Depends on the disk implementation. Not all disks put their metadata on media.
So some disks can start replying to commands like IDENTIFY even with the disks
not fully spun up yet. This difference shows up with (sometimes) seeing
"IDENTIFY failed" due to a timeout on resume. I have old drives that are slow to
spinup and show that. But that is handled with the retries with increased
timeouts. I think it would be nice to patch that though, with longer timeout for
IDENTIFY on resume, to avoid these error messages.
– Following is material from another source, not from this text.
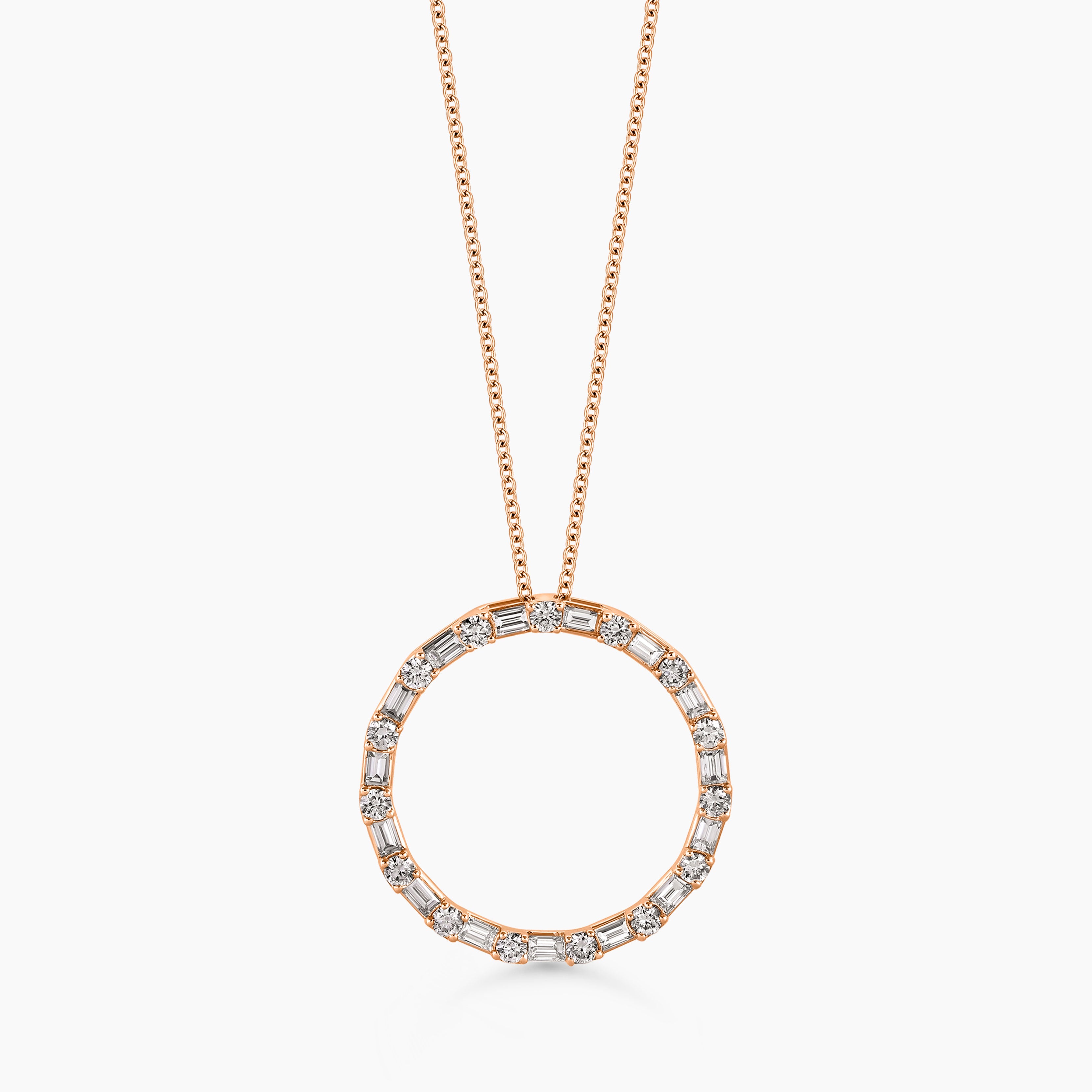 Featuring a combination of baguette and round cut diamonds, our elegant circle pendant offers a fresh twist on the classic design. This unique pendant exudes timeless elegance with a touch of modern aesthetics. The sparkling diamonds make it an ideal accessory for any occasion, adding a touch of simple yet sophisticated glamour.

>> I CC-ed you a couple of patches that move the VERIFY command
>> issuin to after revalidation (so execution of IDENTIFY, READ LOG etc). That
>> works well. I also added a CHECK POWER MODE command to check if sending the
>> verify is actually needed. And even while the disks are spinning up, I get
>> power mode 0xFF indicating ACTIVE state, so no need to send the VERIFY command
>> at all. The end result is that we get to finish the libata EH context doing the
>> resume well before the disk finishes spinning up (which can take 10+ seconds).
>>
>> With this, the first read or write command following the resume will be delayed
>> until the drive finishes spinning up. But that is fine given the default 30s
>> tiemout and retries. I do not expect any problems with that.
> 
> That looks very good.  I think I will try to adapt my old patch to allow
> the eh to return -EAGAIN and leave the drive in standby rather than
> force it to wake up with the VERIFY in the system resume path.  The eh
> can be retried later when the drive is actually accessed and that time
> it can force it to spin up.

I am not following. What problem are you trying to fix ?

-- 
Damien Le Moal
Western Digital Research